My Christmas holiday reading ranged from MindF*ck by Christopher Wylie to a Satya Nadella recommendation: Mindset by Dr Carol S Dweck. Wylie’s book is A1, and all the lessons of December 12th (the latest UK General Election) are there. The antidotes are much more wide ranging.
The latter one was one of those books where I think the pieces I need to remember will fit on less than a sheet of A4.
Most of the book was contrasting the difference between “Fixed Mindset” and “Growth Mindset”. However, look under the surface, the main points are:
- Blame is for losers
- Prima Donnas “anyone’s fault but mine” are an example of this, not good for team cohesion
- People with a growth mindset appear to be relentlessly curious and ask questions to understand patterns, not just learn by rote memory
- A repeat of the old Arnold Palmer Golf Adage; “the more I practice, the luckier I get”
- Be humble
- “A managers pick A employees, B managers pick C employees”.

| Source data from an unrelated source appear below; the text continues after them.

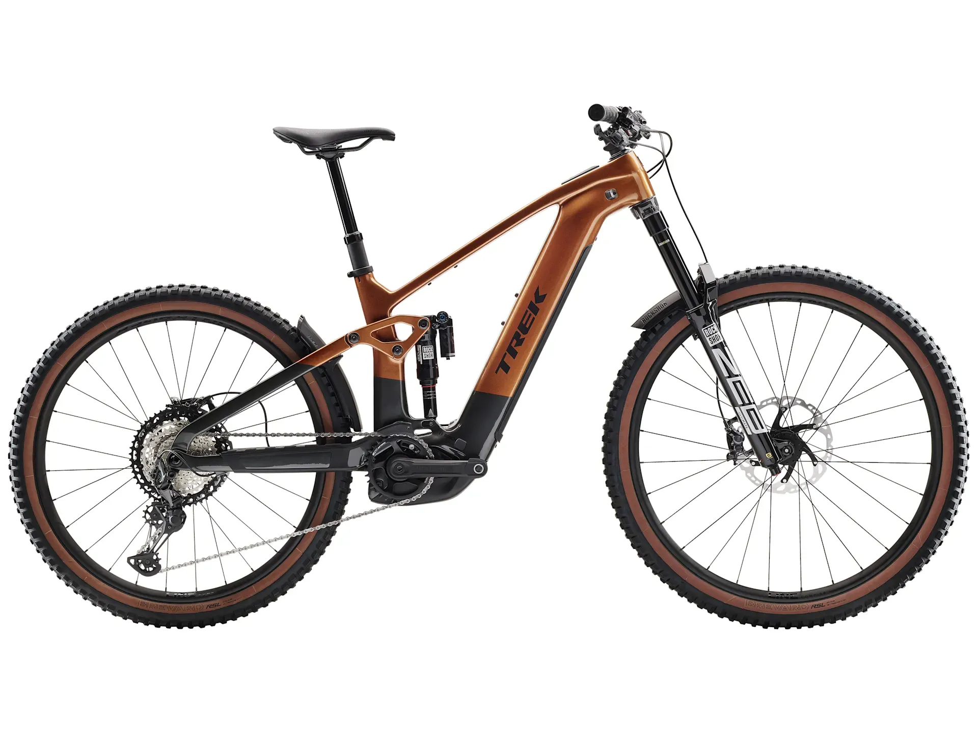 An OCLV Mountain Carbon frame with Bosch Performance CX system (100 Nm, 250 W) and a massive 800 Wh RIB 2.0 removable integrated battery. A 160 mm RockShox ZEB Select+ fork with DebonAir spring and Charger 3 RC2 damper, and RockShox Super Deluxe Select+ rear shock. Tubeless Ready Bontrager Line Comp 30 wheels, a 12-speed Shimano XT drivetrain, 4-piston Shimano XT hydraulic disc brakes and an internally-routed dropper post.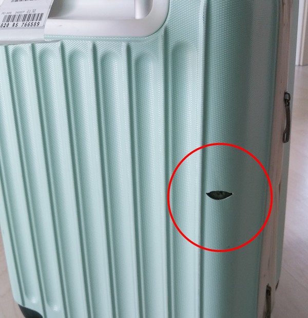 수원시 권선구에 사는 이 모(여)씨는 지난달 26일 제주에서 김포로 오는 에어서울 항공편을 이용하며 캐리어를 기내에 싣지 않고 별도 수화물로 맡겼다. 집에 도착해 물건을 정리하던 중 뒤늦게 캐리어에 구멍이 뚫린 것을 발견했다고.
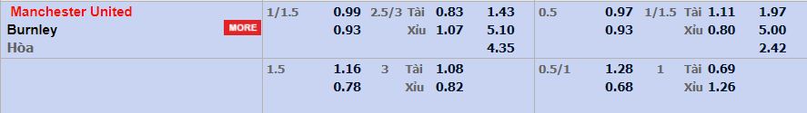 - Mức kèo nhà cái cược chấp trận này: Man Utd chấp 1,25 Trái. Man Utd ăn 0,99. Burnley ăn 0,93

- Also struck in my past that the best managers don’t issue edicts, but ask lots of questions – and trust the skills of their employees – instead
I recall one 23-year old VP at British Telecom; whenever confronted with a new service, the immediate question was “What is the business model?” and he was straight under the surface to understand how things work.

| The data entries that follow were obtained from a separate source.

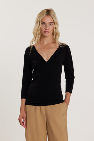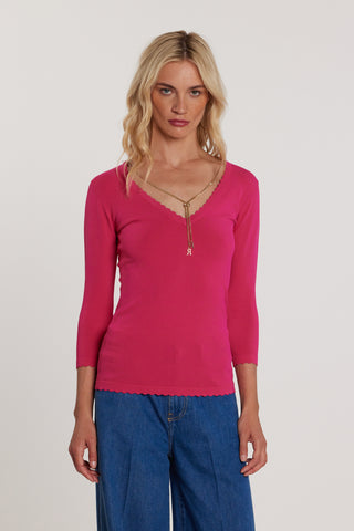 Maglia WINSLET maniche tre quarti scollo a V con bordi lavorazione smerlo più collana logo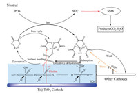 Fig. 4 illustrates the proposed reaction mechanism in the neutral Fered-FL/Ox system depending on the Ti@TiO2 cathode. At first, aqueous neutral Fenton like oxidation of PDS occurred in the presence of FeⅡ—Ox and PDS where SO4· - would be the dominant oxidant [28]. Simultaneously, the efficient electrochemical reduction of the formed FeⅢ—Ox complexes would happen through a series of solid-liquid interfacial reactions. Herein, the main FeⅢ—Ox species Fe(C2O4)33- could be hydrated and electrostatically interacted with the Ti@TiO2 cathode surface through ISSC and form specific C—O—Ti bonds, which would induce ultrafast electron transfer from the cathode to the FeⅢ [29, 30]. It would cause efficient electrochemical generation of FeⅡ-Ox which easily detached to the bulk solution due to its low affinity with the surface hydroxyl groups [30]. The appended FeⅡ species would continuously activate PDS and lead to efficient Fenton like oxidation of SMX.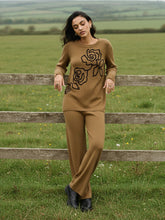 - Embroidered co-ord set featuring a boat neckline top with appliqué detailing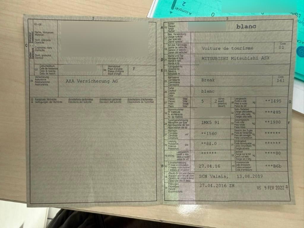 Fahrzeugausweis Vorhanden
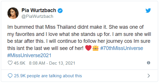 ปิอา เวิร์ตซแบช (Pia Wurtzbach) ปัจจุบันอายุ 32 ปี เป็นนางแบบ นักแสดง และนางงาม ลูกครึ่งฟิลิปปินส์-เยอรมัน เจ้าของตำแหน่งมิสยูนิเวิร์ส ประจำปี 2015 (Miss Universe 2015) ล่าสุด ออกมาทวีตแสดงความผิดหวัง หลัง แอนชิลี สก๊อต-เคมมิส มิสยูนิเวิร์สไทยแลนด์ 2021 ไม่สามารถผ่านเข้ารอบมิสยูนิเวิร์ส 2021 รอบ 16 คนสุดท้ายได้ พร้อมให้กำลังใจต่อไป

The other was a personal experience in May 1983, when none other than Bill Gates visited Digital Equipment (where I worked) to show us a new system Microsoft were building called “Windows”. There were 14 of us sitting around a conference table waiting for the senior folks to escape a board meeting – and Gates sitting there with a Compaq+ PC and a two button mouse. Curiousity got the better of me, so I said “Tell me. The Apple Lisa has a one button mouse, and Visi-On (a Windowing system being developed by the authors of Visicalc) has three. I notice your mouse has two buttons. Why?”.
He duly went off for a good few minutes describing how all the competitor products interacted with different third party applications, and the problems each resulted in. Very deep, really thoroughly thought through. The senior folks duly arrived, and frustrated him with a lack of commitment to using MS-DOS on our PCs, Windows or not.
I was told afterwards that he told the salesguy who brought him in: “There was only one guy in the room who knew what he was talking about. Hire him”. I interviewed with Scott Oki (VP International at Microsoft at the time) and David Fraser (UK MD), but elected not to take the role. Many years later, I took Paul Maritz – then CEO of VMware, but previously VP of Windows at Microsoft) to see my CEO (Mike Norris of Computacenter; while waiting for our slot, I asked him where Scott Oki was these days. Answer – he owns several golf courses on the West Coast of the USA 🙂
The main thing I always reflect on is in situations when i’m interviewing job role applicants. There’s always this situation at the end when the candidate is asked “Do you have any other questions for me/us?”. While there are a few attitude qualification questions – plus some evidence that they set their own performance standards – that final question is almost always the most important qualifier of all. Demonstrate humility and curiosity, then you’re the one I want to work with, and improve together.